It turns out security industry experts were right: the Okta breach on its customer support system first disclosed in October was much more severe than originally portrayed by the major identity provider, sparking some criticism from the industry.
In an advisory posted Nov. 29 by David Bradbury, Okta’s chief security officer, the company admitted that rather than the 1% of users it said were impacted when the incident was first reported a month ago, “Okta determined that the threat actor ran and downloaded a report that contained the names and email addresses of all Okta customer support system users.”
While the identity and access management company did not report how many customers were affected, the Okta's website says more than 18,000 customers use its platform, so it’s still unclear how many support users were actually impacted.
Bradbury said the majority of the fields in the report are blank and the report does not include user credentials or sensitive personal data. For 99.6% of users in the report, Bradbury said the only contact information recorded are full names and email addresses.
“While we do not have direct knowledge or evidence that this information is being actively exploited, there’s a possibility that the threat actor may use this information to target Okta customers via phishing or social engineering attacks,” wrote Bradbury.
Okta's breach disclosure sparks criticism
Some security analysts agreed that it may have been premature for Okta to say only 1% were impacted, but Ken Westin, Field CISO at Panther Labs, said it’s “irresponsible” of Okta to continue to downplay the compromise by making statement like there’s no “direct evidence" the threat actors are using the compromised data to target these customers.
“If they didn’t know the scope of the compromise or who the unknown actors are, they are not in a position to understand the attackers’ intent or the full risk the breached data poses to their customers, this kind of rhetoric can further erode trust in an already difficult situation,” said Westin. “At this point it’s best for Okta to stick to facts and be transparent about the breach so customers can make appropriate decisions about how best to manage the risk.
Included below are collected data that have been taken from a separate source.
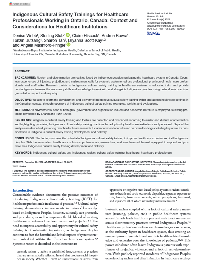 Webb, D., Stutz, S., Hiscock, E., Bowra, A., Butsang, T., Tan, S. Scott-Kay, B., & Mashford-Pringle, A. (2023). Indigenous cultural safety trainings for healthcare professionals working in Ontario, Canada: Context and considerations for healthcare institutions. Health Services Insights,16, 1-8. DOI: 10.1177/11786329231169939.
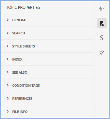 4. Depending on what has focus, 4 will display relevant options. In this example the top icon on the right has focus so the Content Properties of whatever has focus in the content are shown. The other icons access the Topic Properties, the Styles and the Spell Check. Clicking one of the icons a second time hides the right panel.
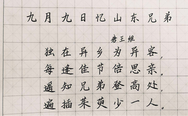 从古至今,重阳节都被认为是吉祥的节日,也正因为如此,许多表达向身边之人表达祝愿、思念之情的艺术作品不断涌现,口口相传,代代相承。财管196、财管204支部以书法的艺术形式,书写重阳诗词,重温历史韵味,有“独在异乡为异客,每逢佳节倍思亲”的思乡之情,也有“人生易老天难老,岁岁重阳。今又重阳,战地黄花分外香”的尺寸年华,同学们在笔尖上感受家乡的温暖,重温经典,推动弘扬中华优秀传统文化。
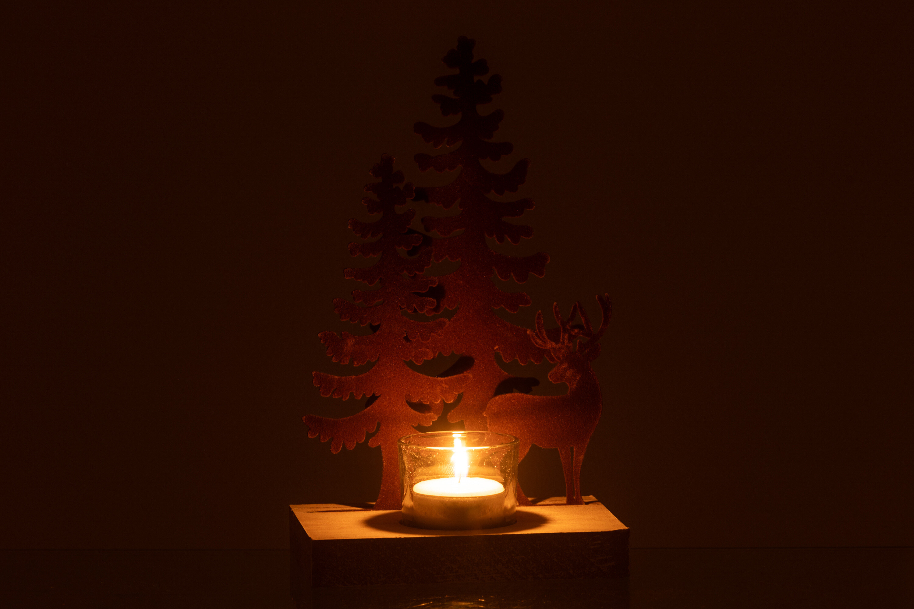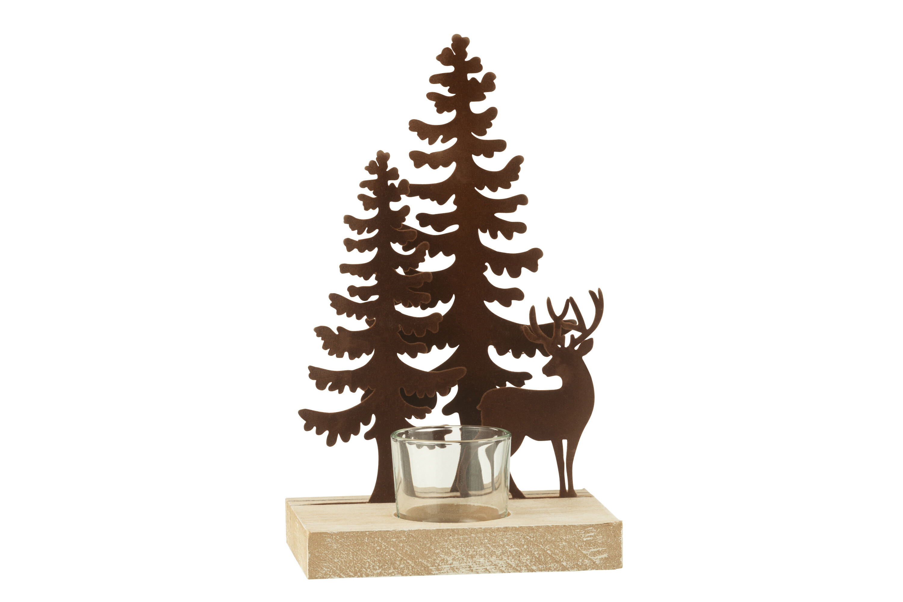 Produktinformationen "Teelichthalter Rentier braun Glas Holz Metall"
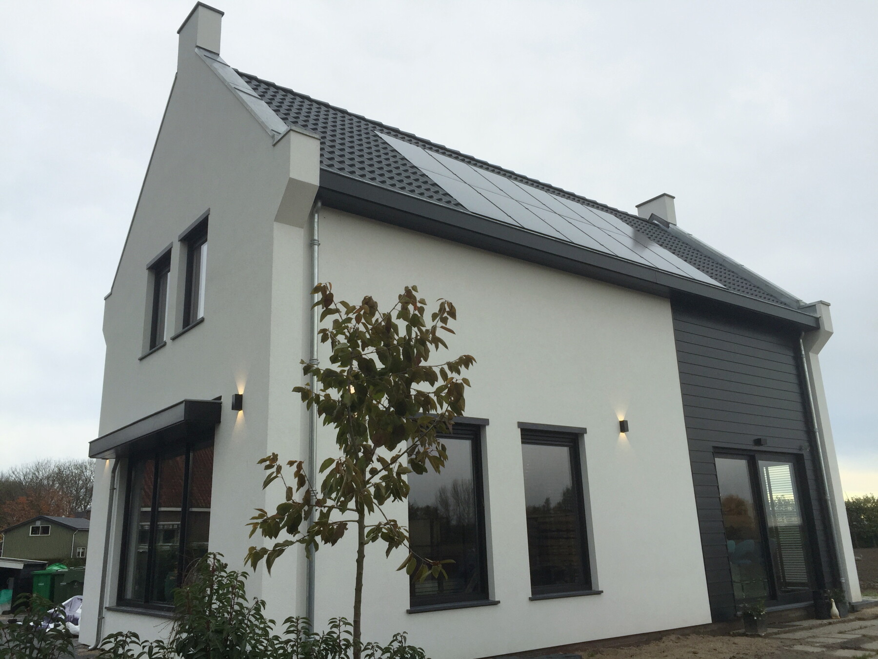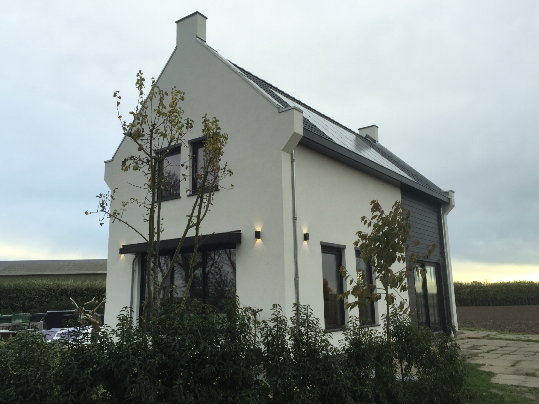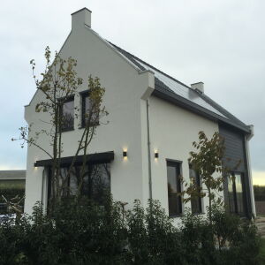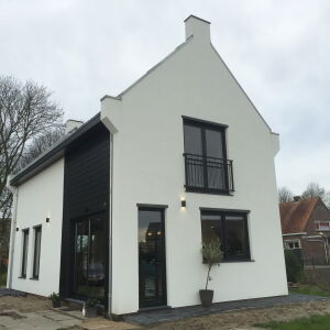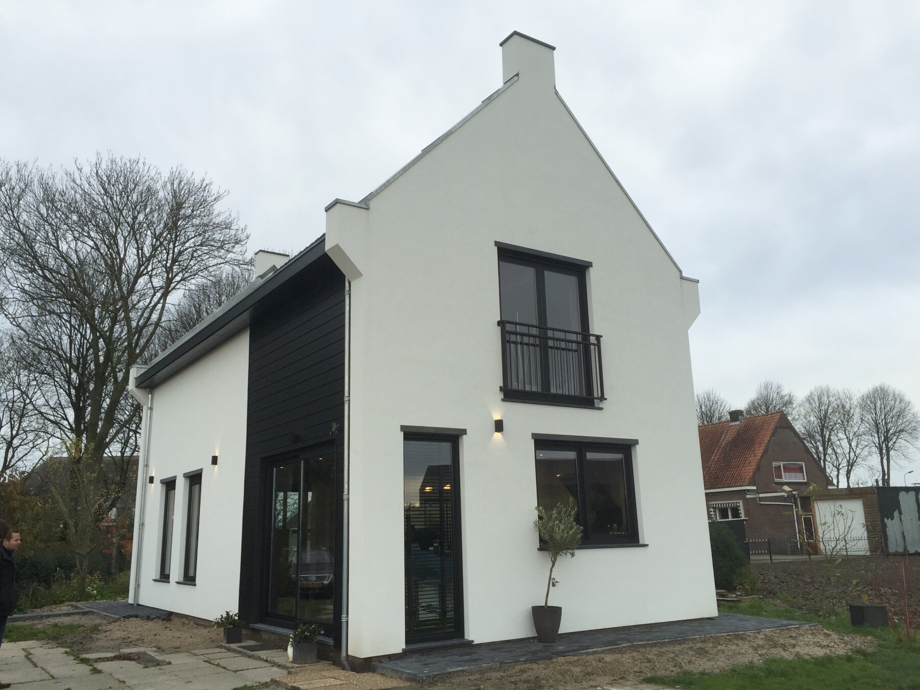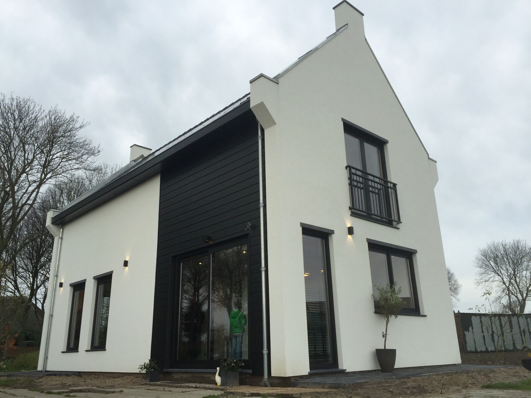 - Nieuwbouw landelijke woning - Deze landelijke woning is gesitueerd in het gehucht Mookhoek in de gemeente Strijen. De woning wordt gekenmerkt door wit stucwerk in combinatie zwart potdekselwerk. Hiermee heeft de woning de gewenste klassieke uitstraling welke geheel past in de omgeving.
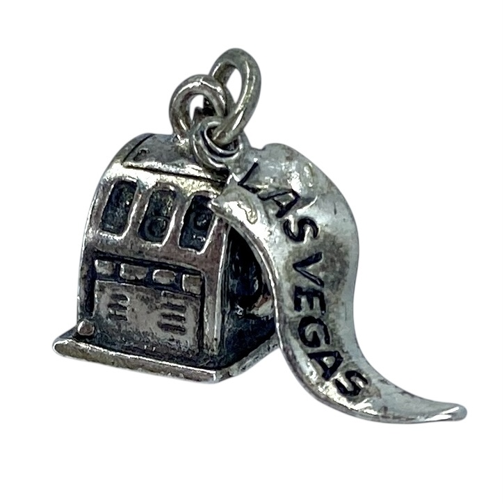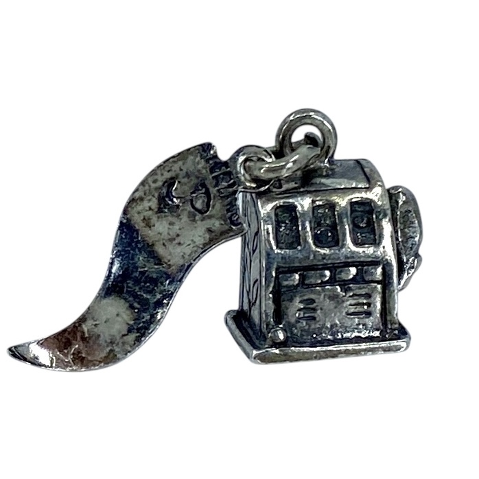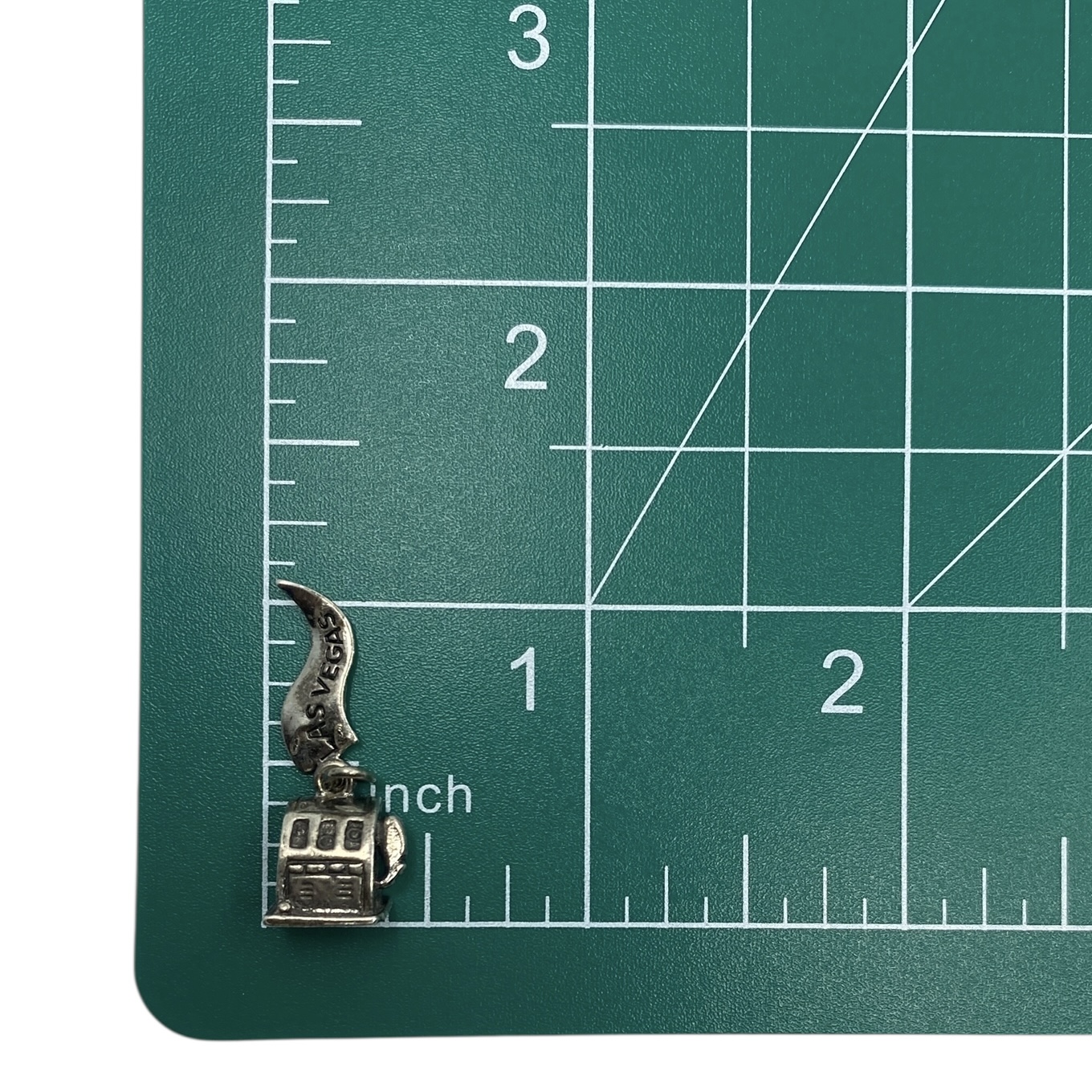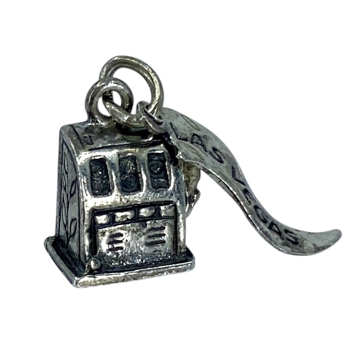 Vintage Engraved Las Vegas Slot Machine Sterling Silver Signed Charm, 2.07g, Engraved “Sterling Co.”
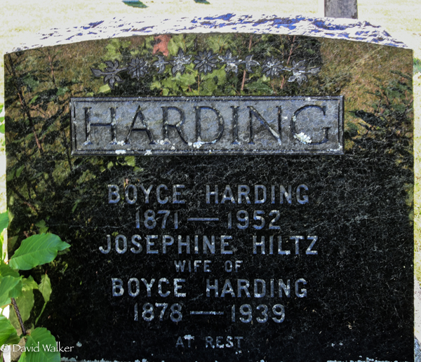 Inscription: HARDING / Boyce Harding / 1871 - 1952 / Josephine Hiltz / Wife of / Boyce Harding / 1878 - 1939 / At Rest.1,2  Cemetery Marker: Boyce Harding (1871-1952), his wife Josephine Hiltz (1878-1939). St. Thomas Anglican Church Cemetery, Springbrook, Queens County, Prince Edward Island, Canada.
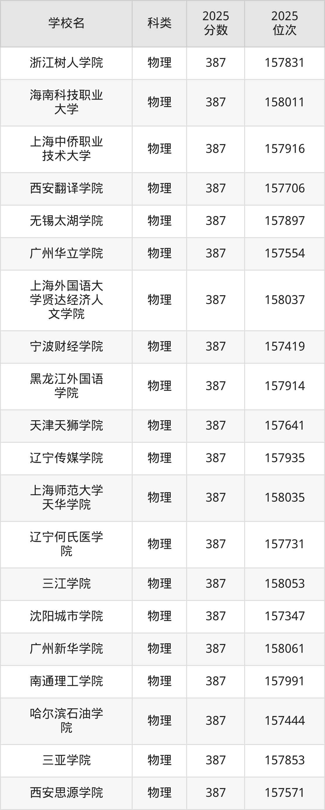 2025年黑龙江物理类本科线为360分,387分能上的本科大学共计204所,其中最低分公办院校为桂林旅游学院(第006组(中外合作)360分),对应最低位次为85313名。因此想上公办本科的考生省排名位次至少要在85313名以内。
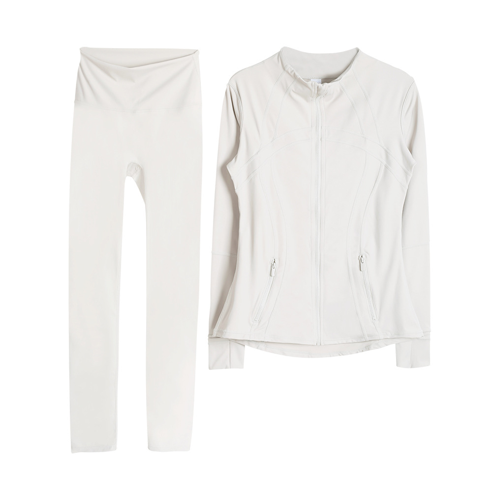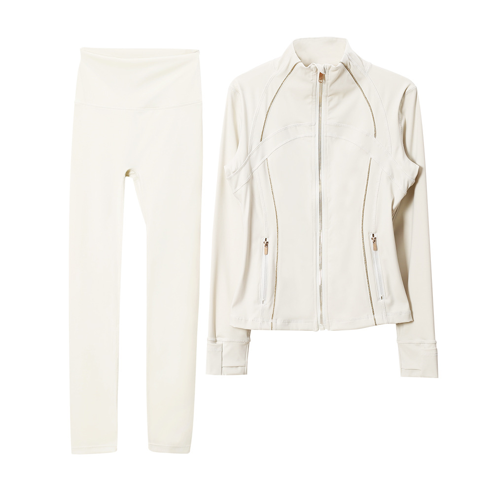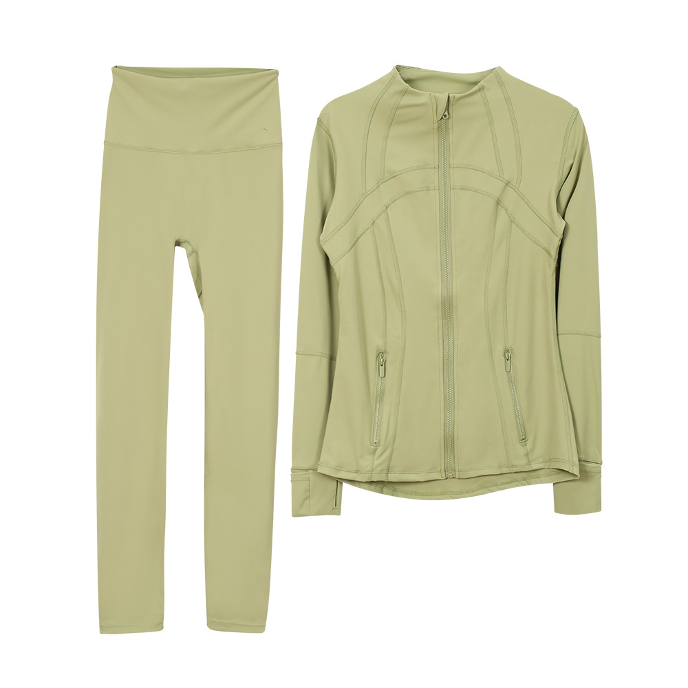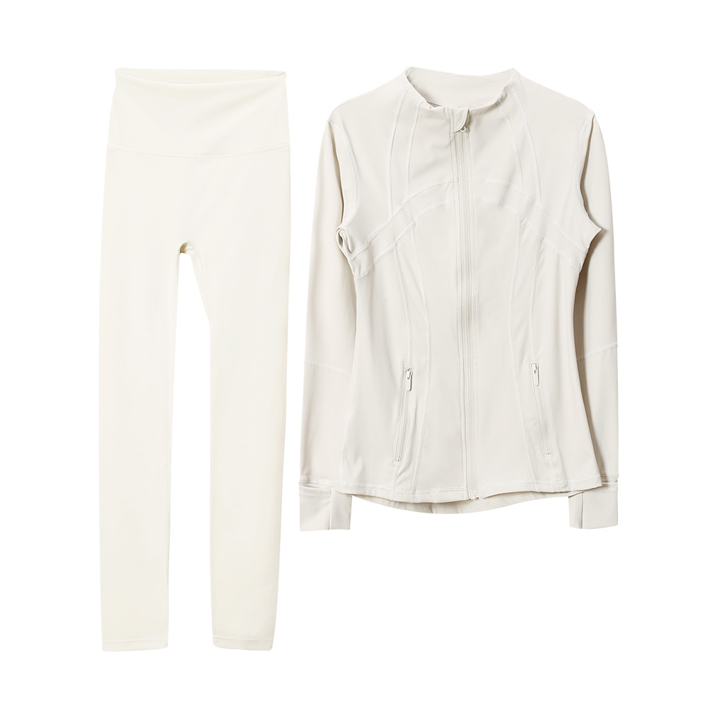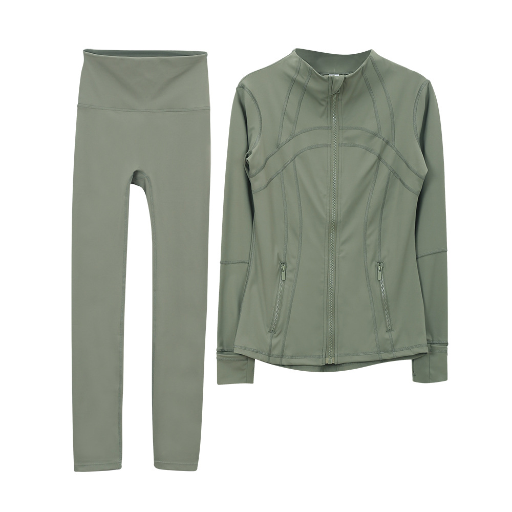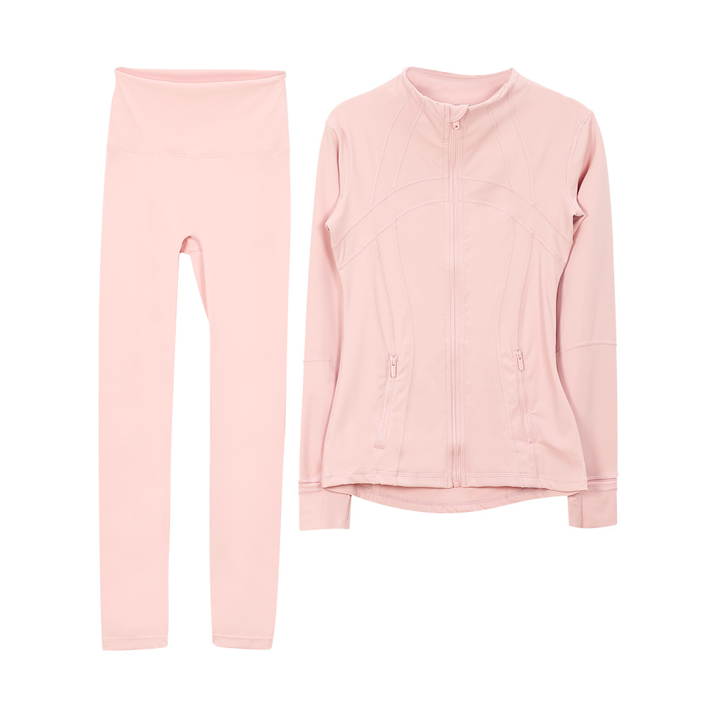 (재고) 재킷 DF 세트 탑 긴 소매 여성의 단단한 수직 칼라 스트레치 피트니스 스포츠 러닝 요가 옷
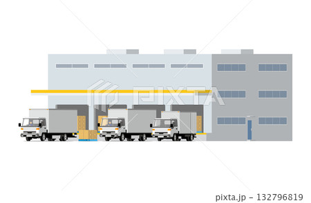 荷物を運ぶトラックなどのアイソメベクターイラスト素材
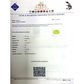 REPORT NO . LYA 19CLARITY . N/ACOLOUR . YELLOWSHAPE / CUT . OVALWT . 3.50 CTSDIMENSION . 9-7.7-4.5-3.R . INDEX . 1.76-1.78HARDNESS . 9.0COMMENT . YELLOW SAPPHIRE..
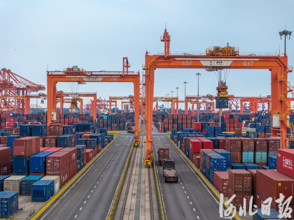 10月23日,在唐山港京唐港区集装箱码头堆场,集装箱运输车在装卸货物。 河北日报记者赵杰摄
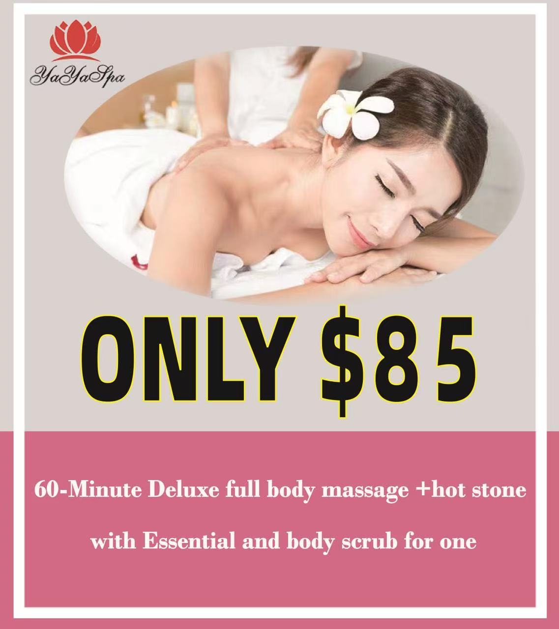 *60-Minute Deluxe full body massage +hot stone with
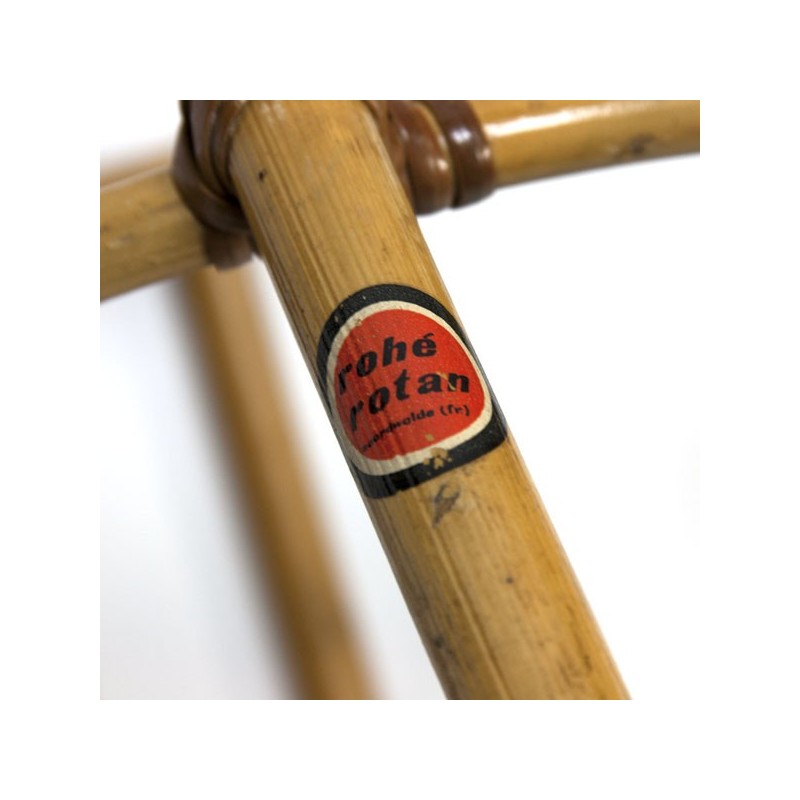 Vintage side table from the Dutch brand Rohe Rotan. Made of bamboo with a glass top. The condition is good, see also detailed pictures. The dimension is 50 cm in diameter and 36.5 cm in height.
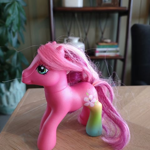 My Little Pony barn leketøysfigur i rosa med langt rosa hår. Figuren leveres med en liten kam og et tilbehørselement. Egnet for lek og samling.

In a world of ‘zero-trust,’ if your identity provider is compromised it can mean zero security.”
Callie Guenther, senior manager of cyber threat research at Critical Start, pointed out that the breach is not Okta's first security challenge. Guenther said previously, Okta faced incidents including hackers accessing source code and the laptop of an Okta support engineer, affecting a significant number of customers, however Okta is not unique.
“Even the most robust security systems can be vulnerable, and constant vigilance and proactive security measures are essential,” said Guenther. “The theft of names and email addresses of Okta customer support system users poses a heightened risk for phishing and social engineering attacks. Okta acknowledges the risk of the stolen information actively being used in phishing or social engineering attacks, and since the data includes many Okta administrators, the potential impact is significant.”
John Gallagher, vice president of Viakoo Labs, downplayed the significance of today’s news, saying that the threat actor could get a similar customer list through ZoomInfo and other commercial services. Likewise, the 6% of Okta’s customers that reportedly have not set up MFA is not alarming, though Gallagher said it does offer some insight as to how lax security is at some Okta customer sites.
“The steps needed to protect Okta users are best practices, such as setting session timeouts or requiring reauthentication for sessions from a new IP address,” said Gallagher. “Okta could use the data it’s gathered by helping specific and targeted users to improve their security posture for all their systems, not just Okta.”
Okta advises users deploy MFA
Okta’s Bradbury added that because many of the users of the customer support system are Okta administrators, it’s critical that these users have multi-factor authentication (MFA) enrolled to protect not only the customer support system, but also to secure access to their Okta admin consoles. Bradbury added that while 94% of Okta customers do already require MFA for their administrators, the company recommends that all Okta customers employ MFA and consider the use of phishing-resistant authenticators to further enhance security.
In terms of what caused the discrepancy from the original reports in October, Okta said after additional analysis, it stems from the threat actor running an unfiltered view of the report. Bradbury said Okta’s November review identified that if the filters were removed from the templated report, the downloaded file was considerably larger.